Stored entries
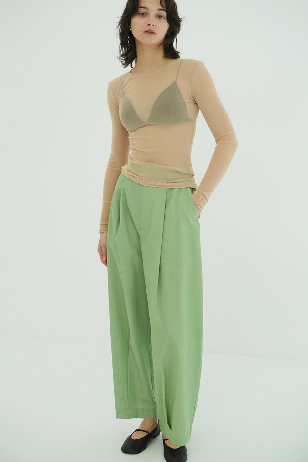 同じシリーズのWOOL NYLON SINGLE JACKET、WOOL NYLON TUCK DRAPE CAMISOLEと合わせたスタイルもおすすめです。
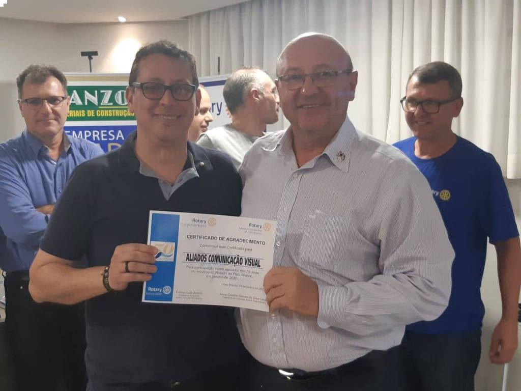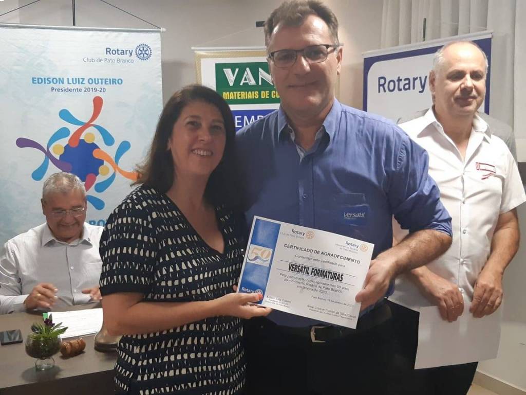 Da mesma forma receberam certificados de agradecimento os Rotary Clubs que organizaram o evento dos 50 anos do Movimento Rotário de Pato Branco.
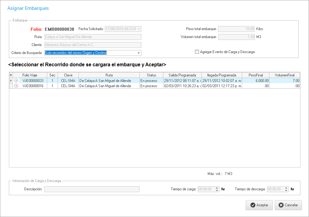 Para realizar esto, debemos de ir nuevamente al módulo de Embarques y haciendo clic en el botón nos muestra la ventana en donde aparecen todos los viajes con la misma ruta que el embarque.
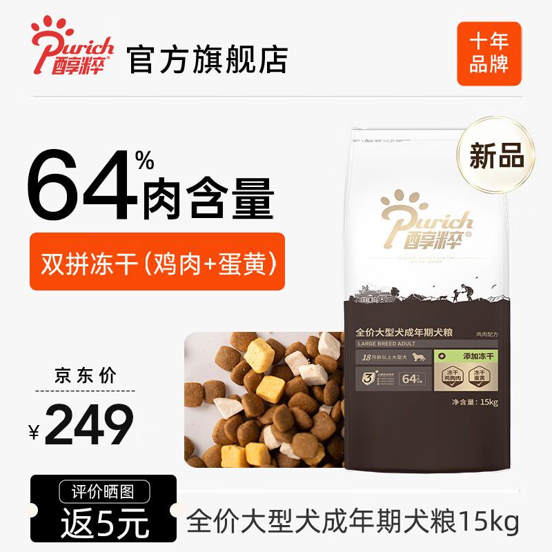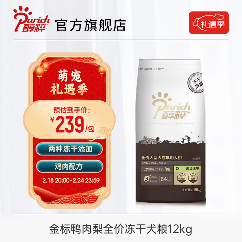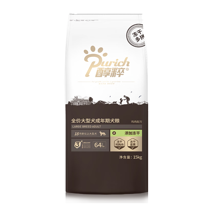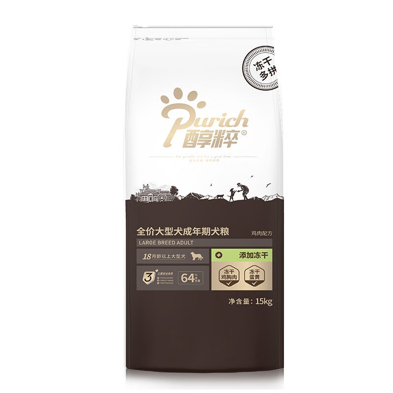 醇粹金标狗粮 全价大型犬狗干粮纯粹狗粮金毛犬粮 大型成犬15kg冻干双拼
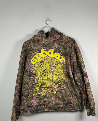 Sp5der Camouflage Yellow Logo Hoodie Size L
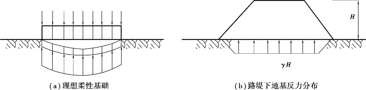 当基础是柔性的(抗弯刚度 EI →0),基础变形能完全适应地基表面的变形,则基底压力分布与作用在基础上的荷载相似。例如,由土筑成的路堤,可以近似认为它是一种柔性基础,路堤自重引起的基底压力分布与路堤断面形状相同,是梯形分布,如图2.4所示。
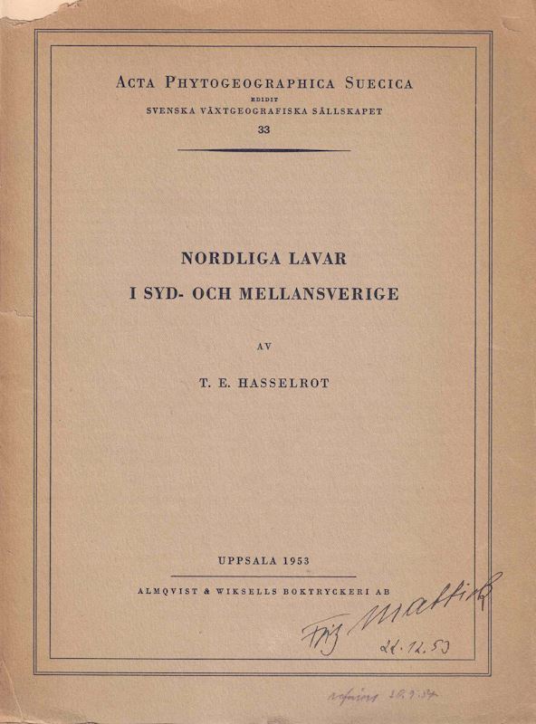 Nodliga Lavar i Syd- och Mellnasverige. 1953. (Acta Phtogeogr. Suecica,33). 29 full-page dot maps. 200 p. gr8vo. Paper bd.
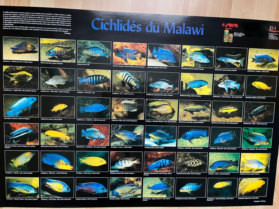 Vends un magnifique poster avec de très belles photos de Cichlidés du lac Malawi. Papier glacé brillant. Poster neuf non plié ni troué, pas de trace de scotch. Conservé à plat. Dimensions : 78cm X 53cm Envoi possible dans un emballage soigné. Plusieurs exemplaires dispo
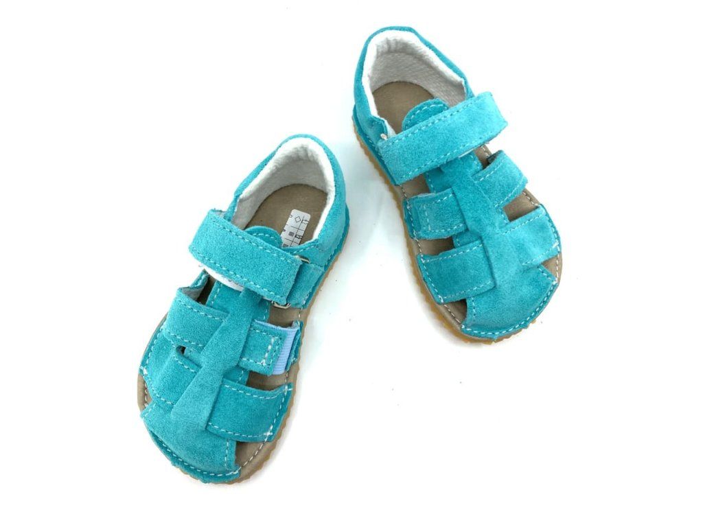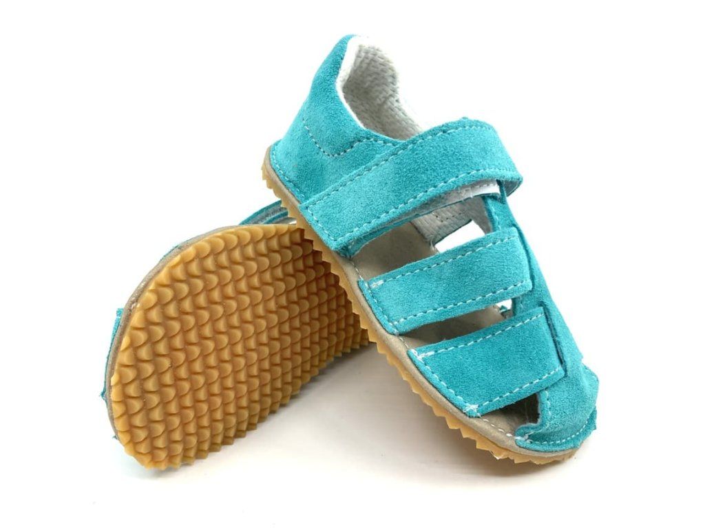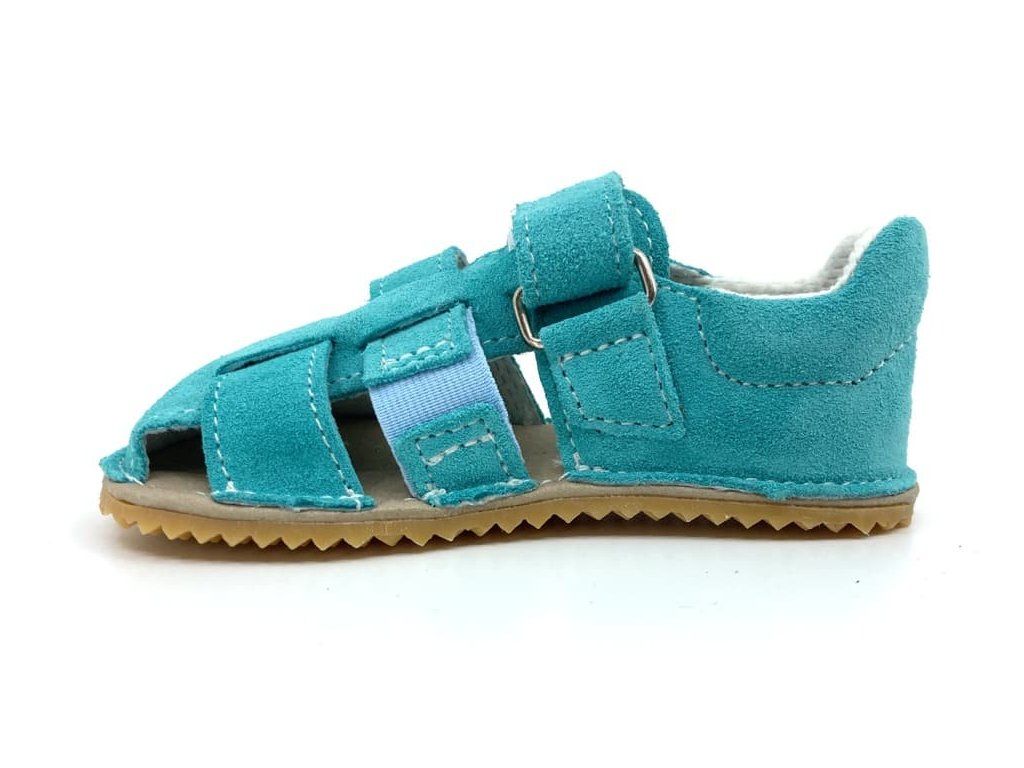 Ľahké, kožené barefoot sandále Jonap Zula v mintovej farbe s textilnou podšívkou, ktorá absorbuje pot. Sandálky majú mäkkú stielku z mikrovlákna a spevnený opätok. Spĺňajú požiadavky na barefoot obúvania.
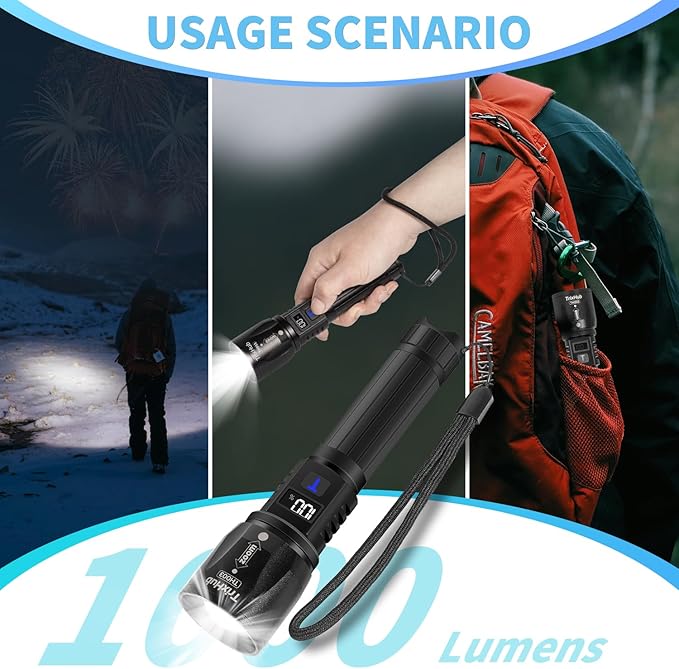 - 【USB-C Port】Super Bright flashlight offers an extended runtime of up to 12 hours on low brightness mode. The USB Type-C fast charging function, which can be fully charged within 2 hours. Saving the cost of disposable batteries and achieving environmental protection. Rechargeable Flashlight LCD display indicates 100% to display the battery power in real-time, so that you always control the status of the flashlight and avoid the trouble of flashlights high lumens rechargeable sudden power outage.
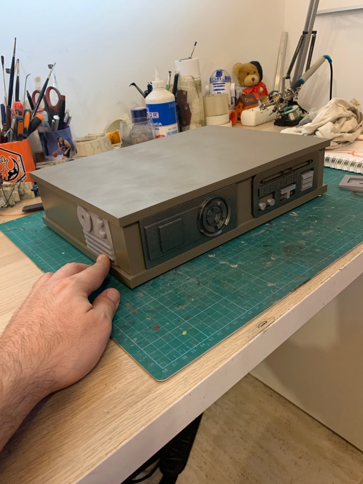 En el lateral derecho puse el nombre del droide (LS-LT5) en Aurebesh. Para ello pinte de negro ese lateral. Luego hice las letras en unas tiras de vinilo adhesivo y las pegué en ese lateral. Tras dar el color del resto de la pieza y retirar el vinilo, el resultado fue este:
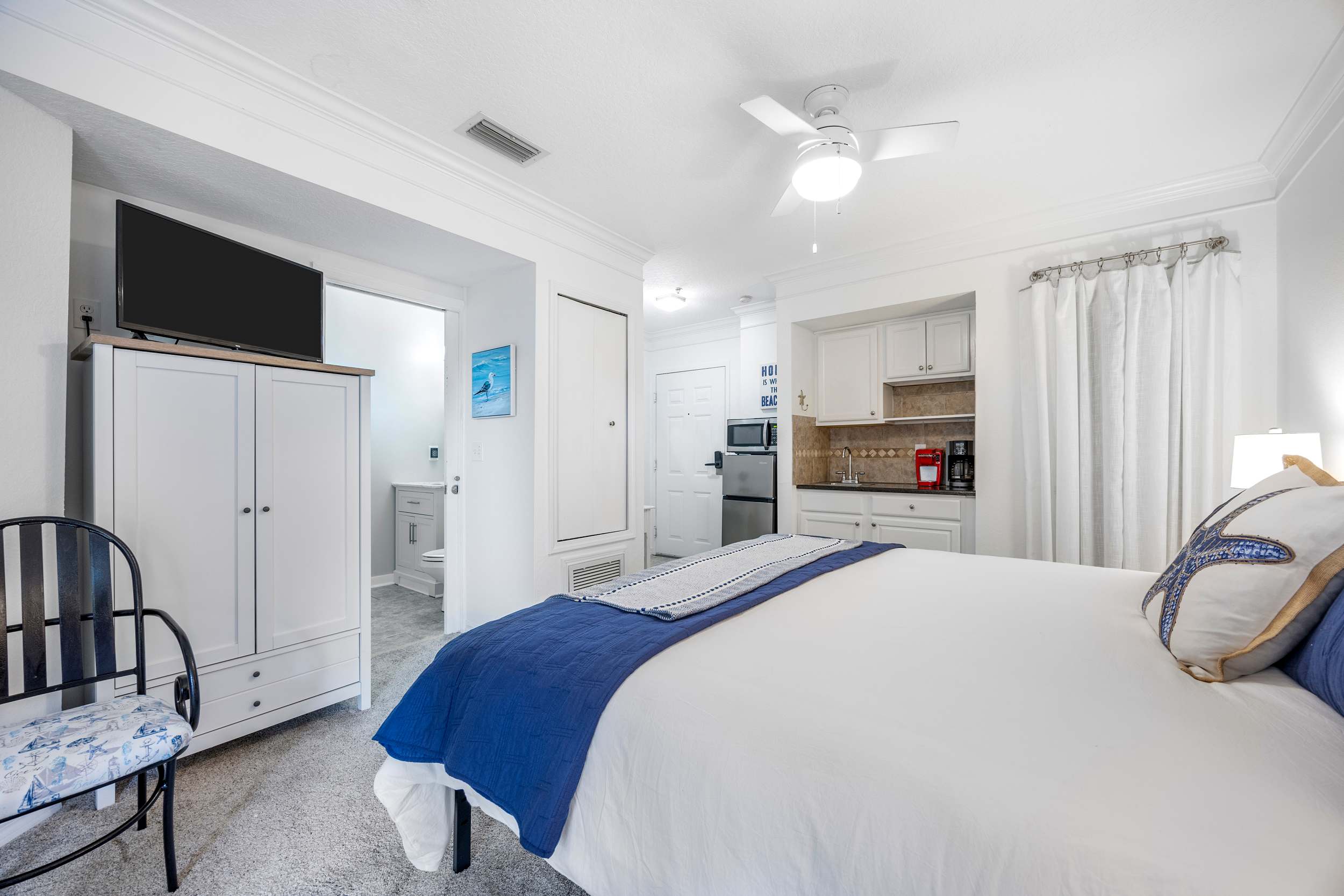 The studio includes a king size bed, smart TV, private balcony, private entrance, kitchenette, and ensuite bathroom with a single vanity and shower/tub combo.

**Exercise objective**:
Lines from the one above containing "Da mesma forma" down to the one containing "Vends un magnifique" should be transcribed exactly, with both ends kept and no pictures.

**Expected answer**:
 Da mesma forma receberam certificados de agradecimento os Rotary Clubs que organizaram o evento dos 50 anos do Movimento Rotário de Pato Branco.
 Para realizar esto, debemos de ir nuevamente al módulo de Embarques y haciendo clic en el botón nos muestra la ventana en donde aparecen todos los viajes con la misma ruta que el embarque.
 醇粹金标狗粮 全价大型犬狗干粮纯粹狗粮金毛犬粮 大型成犬15kg冻干双拼
 Sp5der Camouflage Yellow Logo Hoodie Size L
 当基础是柔性的(抗弯刚度 EI →0),基础变形能完全适应地基表面的变形,则基底压力分布与作用在基础上的荷载相似。例如,由土筑成的路堤,可以近似认为它是一种柔性基础,路堤自重引起的基底压力分布与路堤断面形状相同,是梯形分布,如图2.4所示。
 Nodliga Lavar i Syd- och Mellnasverige. 1953. (Acta Phtogeogr. Suecica,33). 29 full-page dot maps. 200 p. gr8vo. Paper bd.
 Vends un magnifique poster avec de très belles photos de Cichlidés du lac Malawi. Papier glacé brillant. Poster neuf non plié ni troué, pas de trace de scotch. Conservé à plat. Dimensions : 78cm X 53cm Envoi possible dans un emballage soigné. Plusieurs exemplaires dispo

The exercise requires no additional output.